Stored data Start Marker
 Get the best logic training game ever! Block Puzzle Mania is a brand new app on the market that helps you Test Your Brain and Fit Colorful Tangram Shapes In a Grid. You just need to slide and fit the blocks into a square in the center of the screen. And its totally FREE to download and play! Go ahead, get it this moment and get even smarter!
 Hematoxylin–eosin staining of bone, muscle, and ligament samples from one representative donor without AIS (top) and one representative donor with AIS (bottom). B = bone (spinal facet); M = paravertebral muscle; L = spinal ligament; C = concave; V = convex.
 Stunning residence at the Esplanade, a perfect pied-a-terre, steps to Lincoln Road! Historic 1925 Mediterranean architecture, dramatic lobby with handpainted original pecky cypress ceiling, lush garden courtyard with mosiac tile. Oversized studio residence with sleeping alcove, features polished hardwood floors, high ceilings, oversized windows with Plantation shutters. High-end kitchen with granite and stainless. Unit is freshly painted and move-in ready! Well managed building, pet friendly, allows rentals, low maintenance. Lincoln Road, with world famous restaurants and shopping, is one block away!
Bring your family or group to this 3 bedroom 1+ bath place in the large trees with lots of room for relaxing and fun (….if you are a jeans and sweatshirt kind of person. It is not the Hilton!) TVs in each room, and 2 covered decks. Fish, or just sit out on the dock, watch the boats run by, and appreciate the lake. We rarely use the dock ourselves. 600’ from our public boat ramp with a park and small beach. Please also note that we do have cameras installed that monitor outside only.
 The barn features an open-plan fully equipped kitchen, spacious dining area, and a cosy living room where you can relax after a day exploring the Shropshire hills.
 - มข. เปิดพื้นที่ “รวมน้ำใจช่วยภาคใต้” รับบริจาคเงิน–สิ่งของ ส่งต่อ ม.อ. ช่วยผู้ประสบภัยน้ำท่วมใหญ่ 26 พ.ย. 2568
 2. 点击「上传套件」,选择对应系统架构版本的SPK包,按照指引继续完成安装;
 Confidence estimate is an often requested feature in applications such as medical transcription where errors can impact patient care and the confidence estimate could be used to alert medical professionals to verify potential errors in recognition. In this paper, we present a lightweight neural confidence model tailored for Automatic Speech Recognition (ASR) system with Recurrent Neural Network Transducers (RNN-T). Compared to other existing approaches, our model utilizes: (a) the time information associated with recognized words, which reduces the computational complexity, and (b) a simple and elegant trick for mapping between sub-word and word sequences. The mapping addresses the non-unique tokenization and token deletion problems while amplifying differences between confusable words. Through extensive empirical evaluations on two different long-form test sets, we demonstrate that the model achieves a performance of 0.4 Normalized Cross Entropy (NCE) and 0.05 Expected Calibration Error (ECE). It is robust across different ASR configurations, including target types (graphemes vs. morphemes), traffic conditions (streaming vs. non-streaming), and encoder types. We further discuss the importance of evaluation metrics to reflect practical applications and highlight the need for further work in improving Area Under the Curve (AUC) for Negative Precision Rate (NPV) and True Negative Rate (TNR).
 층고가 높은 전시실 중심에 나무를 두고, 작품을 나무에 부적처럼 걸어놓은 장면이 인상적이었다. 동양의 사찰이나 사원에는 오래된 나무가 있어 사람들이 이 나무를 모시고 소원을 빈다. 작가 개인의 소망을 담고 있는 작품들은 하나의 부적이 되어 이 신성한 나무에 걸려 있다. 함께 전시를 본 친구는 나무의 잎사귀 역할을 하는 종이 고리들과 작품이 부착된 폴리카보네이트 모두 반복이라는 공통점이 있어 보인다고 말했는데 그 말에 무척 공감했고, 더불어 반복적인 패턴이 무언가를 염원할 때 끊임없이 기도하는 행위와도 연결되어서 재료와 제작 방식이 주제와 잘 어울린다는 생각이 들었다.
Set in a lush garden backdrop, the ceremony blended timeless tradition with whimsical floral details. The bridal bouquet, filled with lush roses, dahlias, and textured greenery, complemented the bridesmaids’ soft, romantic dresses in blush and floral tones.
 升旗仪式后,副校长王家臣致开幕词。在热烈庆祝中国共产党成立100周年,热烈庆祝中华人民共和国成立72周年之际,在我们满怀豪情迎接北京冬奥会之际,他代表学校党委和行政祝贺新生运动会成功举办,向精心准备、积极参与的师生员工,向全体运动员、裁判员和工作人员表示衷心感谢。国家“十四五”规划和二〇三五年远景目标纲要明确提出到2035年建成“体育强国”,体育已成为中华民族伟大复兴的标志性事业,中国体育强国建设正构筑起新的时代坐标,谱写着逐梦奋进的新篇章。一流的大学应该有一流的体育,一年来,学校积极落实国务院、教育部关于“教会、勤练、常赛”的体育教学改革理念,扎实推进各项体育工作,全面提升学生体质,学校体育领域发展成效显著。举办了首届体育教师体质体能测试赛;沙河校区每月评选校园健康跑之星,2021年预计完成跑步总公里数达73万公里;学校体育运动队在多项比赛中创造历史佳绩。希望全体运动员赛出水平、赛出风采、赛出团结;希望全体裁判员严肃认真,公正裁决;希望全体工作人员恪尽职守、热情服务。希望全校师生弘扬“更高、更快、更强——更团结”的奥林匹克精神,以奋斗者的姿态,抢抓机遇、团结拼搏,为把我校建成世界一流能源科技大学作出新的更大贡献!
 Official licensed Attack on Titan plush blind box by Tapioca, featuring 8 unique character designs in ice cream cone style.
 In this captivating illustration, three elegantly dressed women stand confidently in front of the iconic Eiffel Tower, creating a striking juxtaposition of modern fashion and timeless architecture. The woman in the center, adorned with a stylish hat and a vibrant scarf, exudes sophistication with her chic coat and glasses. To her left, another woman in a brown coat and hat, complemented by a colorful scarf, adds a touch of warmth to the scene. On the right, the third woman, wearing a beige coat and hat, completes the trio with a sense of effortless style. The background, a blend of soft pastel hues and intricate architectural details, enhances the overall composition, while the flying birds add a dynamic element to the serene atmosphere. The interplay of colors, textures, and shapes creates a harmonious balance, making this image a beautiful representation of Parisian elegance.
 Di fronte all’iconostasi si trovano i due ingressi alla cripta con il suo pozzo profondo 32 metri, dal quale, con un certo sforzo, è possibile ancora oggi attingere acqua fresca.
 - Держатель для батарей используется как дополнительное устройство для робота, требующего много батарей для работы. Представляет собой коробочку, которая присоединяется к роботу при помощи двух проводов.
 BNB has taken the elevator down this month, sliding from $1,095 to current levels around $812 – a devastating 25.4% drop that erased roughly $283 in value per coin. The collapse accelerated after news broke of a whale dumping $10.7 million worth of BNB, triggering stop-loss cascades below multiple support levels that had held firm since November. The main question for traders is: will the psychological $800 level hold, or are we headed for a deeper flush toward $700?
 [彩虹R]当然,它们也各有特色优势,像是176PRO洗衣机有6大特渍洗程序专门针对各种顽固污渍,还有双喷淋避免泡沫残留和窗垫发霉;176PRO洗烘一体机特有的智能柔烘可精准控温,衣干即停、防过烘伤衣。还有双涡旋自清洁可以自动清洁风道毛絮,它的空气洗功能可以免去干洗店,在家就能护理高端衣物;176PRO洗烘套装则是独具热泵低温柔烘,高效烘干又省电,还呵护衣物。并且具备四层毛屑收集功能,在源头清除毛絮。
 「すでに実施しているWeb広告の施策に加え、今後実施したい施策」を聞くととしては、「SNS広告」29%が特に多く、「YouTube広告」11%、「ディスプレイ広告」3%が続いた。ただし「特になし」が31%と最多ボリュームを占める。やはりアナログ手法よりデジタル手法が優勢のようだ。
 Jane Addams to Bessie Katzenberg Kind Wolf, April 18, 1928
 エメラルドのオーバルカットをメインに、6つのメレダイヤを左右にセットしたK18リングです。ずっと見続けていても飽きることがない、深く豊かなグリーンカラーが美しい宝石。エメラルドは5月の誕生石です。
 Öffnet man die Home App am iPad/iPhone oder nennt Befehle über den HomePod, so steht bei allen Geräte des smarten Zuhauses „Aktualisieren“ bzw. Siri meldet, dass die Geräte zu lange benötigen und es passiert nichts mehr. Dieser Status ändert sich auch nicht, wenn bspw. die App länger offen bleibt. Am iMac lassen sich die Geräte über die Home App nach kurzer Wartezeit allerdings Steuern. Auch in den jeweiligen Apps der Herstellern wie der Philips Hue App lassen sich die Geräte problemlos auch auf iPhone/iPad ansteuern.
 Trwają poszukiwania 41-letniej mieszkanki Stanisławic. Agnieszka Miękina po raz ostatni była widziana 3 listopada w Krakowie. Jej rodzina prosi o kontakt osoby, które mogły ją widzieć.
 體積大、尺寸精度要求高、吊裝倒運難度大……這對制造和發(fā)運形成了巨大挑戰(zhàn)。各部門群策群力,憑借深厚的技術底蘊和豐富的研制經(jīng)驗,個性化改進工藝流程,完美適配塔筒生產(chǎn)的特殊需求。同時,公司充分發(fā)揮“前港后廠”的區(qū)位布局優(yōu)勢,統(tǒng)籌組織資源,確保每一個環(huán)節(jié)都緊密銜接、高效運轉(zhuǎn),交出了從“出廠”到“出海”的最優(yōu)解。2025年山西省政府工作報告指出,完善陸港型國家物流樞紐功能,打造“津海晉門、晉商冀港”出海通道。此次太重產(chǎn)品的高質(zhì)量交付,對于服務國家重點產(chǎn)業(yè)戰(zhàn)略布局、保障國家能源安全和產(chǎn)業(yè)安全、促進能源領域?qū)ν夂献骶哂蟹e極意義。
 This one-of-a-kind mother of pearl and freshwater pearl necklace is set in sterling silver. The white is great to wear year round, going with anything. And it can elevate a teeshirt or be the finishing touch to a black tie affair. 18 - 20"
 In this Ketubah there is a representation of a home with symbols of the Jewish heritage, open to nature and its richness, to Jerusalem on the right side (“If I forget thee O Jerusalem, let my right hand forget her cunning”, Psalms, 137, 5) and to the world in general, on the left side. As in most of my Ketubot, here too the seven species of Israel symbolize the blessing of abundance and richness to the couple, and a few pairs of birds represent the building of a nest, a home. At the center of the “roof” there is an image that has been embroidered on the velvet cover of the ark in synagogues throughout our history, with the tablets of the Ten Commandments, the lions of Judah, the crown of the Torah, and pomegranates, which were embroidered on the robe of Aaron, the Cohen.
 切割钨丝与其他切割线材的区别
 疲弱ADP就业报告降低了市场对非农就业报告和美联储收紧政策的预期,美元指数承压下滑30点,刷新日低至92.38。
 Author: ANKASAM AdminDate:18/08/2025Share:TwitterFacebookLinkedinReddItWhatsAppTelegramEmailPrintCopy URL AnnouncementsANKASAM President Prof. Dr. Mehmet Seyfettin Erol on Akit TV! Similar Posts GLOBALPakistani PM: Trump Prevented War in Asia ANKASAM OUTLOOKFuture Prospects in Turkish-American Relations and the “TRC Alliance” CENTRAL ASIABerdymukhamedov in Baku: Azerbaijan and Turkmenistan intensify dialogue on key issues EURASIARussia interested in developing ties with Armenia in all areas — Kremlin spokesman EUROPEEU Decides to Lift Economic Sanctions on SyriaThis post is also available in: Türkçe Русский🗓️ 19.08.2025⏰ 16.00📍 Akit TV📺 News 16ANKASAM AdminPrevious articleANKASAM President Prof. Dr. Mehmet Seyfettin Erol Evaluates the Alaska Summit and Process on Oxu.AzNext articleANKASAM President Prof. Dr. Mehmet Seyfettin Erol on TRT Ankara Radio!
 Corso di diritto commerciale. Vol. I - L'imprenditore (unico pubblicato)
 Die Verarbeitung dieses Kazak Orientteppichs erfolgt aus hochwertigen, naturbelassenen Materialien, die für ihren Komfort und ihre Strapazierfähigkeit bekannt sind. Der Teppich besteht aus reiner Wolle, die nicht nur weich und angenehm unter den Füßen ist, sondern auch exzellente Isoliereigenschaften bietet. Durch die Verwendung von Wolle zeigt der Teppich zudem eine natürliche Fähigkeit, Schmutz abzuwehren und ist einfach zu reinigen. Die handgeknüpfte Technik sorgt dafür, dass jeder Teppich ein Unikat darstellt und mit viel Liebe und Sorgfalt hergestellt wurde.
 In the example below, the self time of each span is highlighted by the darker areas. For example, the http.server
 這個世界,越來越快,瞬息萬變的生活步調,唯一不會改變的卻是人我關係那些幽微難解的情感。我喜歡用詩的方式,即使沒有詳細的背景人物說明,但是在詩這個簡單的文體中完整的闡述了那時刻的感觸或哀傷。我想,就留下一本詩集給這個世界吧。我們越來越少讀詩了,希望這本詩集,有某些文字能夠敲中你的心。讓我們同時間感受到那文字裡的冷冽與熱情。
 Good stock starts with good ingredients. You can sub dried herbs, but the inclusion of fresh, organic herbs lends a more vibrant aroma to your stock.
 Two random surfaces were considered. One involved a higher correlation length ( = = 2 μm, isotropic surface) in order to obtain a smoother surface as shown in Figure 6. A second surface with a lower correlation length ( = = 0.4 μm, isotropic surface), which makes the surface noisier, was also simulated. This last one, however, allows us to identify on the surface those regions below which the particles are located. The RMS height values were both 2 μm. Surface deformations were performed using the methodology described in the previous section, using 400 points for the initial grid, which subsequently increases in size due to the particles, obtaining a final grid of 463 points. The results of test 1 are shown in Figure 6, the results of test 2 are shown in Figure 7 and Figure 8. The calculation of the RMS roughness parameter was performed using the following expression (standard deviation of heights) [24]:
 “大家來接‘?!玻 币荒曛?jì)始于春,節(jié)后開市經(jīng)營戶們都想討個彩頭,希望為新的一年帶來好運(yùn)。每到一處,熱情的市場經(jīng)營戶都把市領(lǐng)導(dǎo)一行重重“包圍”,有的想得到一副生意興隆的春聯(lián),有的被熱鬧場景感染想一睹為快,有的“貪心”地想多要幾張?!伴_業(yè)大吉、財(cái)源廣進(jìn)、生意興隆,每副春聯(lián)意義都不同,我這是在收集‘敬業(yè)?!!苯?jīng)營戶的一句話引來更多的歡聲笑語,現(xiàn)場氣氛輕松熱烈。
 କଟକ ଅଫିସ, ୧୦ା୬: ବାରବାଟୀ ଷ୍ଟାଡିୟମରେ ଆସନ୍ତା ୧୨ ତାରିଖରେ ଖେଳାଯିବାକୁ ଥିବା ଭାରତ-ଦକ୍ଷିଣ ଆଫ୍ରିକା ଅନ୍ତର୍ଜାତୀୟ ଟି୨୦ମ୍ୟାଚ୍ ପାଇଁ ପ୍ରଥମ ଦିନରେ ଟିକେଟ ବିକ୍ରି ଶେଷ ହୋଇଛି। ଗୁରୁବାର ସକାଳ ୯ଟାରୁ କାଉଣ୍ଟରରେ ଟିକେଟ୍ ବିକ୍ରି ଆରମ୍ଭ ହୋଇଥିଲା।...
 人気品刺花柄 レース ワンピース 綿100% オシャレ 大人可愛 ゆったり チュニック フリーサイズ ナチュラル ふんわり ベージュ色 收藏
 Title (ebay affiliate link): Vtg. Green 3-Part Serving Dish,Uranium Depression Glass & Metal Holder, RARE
Stored data End Marker
Every line containing the string "areas" is required; copy each such line from the data.

## Solution for this task
 Author: ANKASAM AdminDate:18/08/2025Share:TwitterFacebookLinkedinReddItWhatsAppTelegramEmailPrintCopy URL AnnouncementsANKASAM President Prof. Dr. Mehmet Seyfettin Erol on Akit TV! Similar Posts GLOBALPakistani PM: Trump Prevented War in Asia ANKASAM OUTLOOKFuture Prospects in Turkish-American Relations and the “TRC Alliance” CENTRAL ASIABerdymukhamedov in Baku: Azerbaijan and Turkmenistan intensify dialogue on key issues EURASIARussia interested in developing ties with Armenia in all areas — Kremlin spokesman EUROPEEU Decides to Lift Economic Sanctions on SyriaThis post is also available in: Türkçe Русский🗓️ 19.08.2025⏰ 16.00📍 Akit TV📺 News 16ANKASAM AdminPrevious articleANKASAM President Prof. Dr. Mehmet Seyfettin Erol Evaluates the Alaska Summit and Process on Oxu.AzNext articleANKASAM President Prof. Dr. Mehmet Seyfettin Erol on TRT Ankara Radio!
 In the example below, the self time of each span is highlighted by the darker areas. For example, the http.server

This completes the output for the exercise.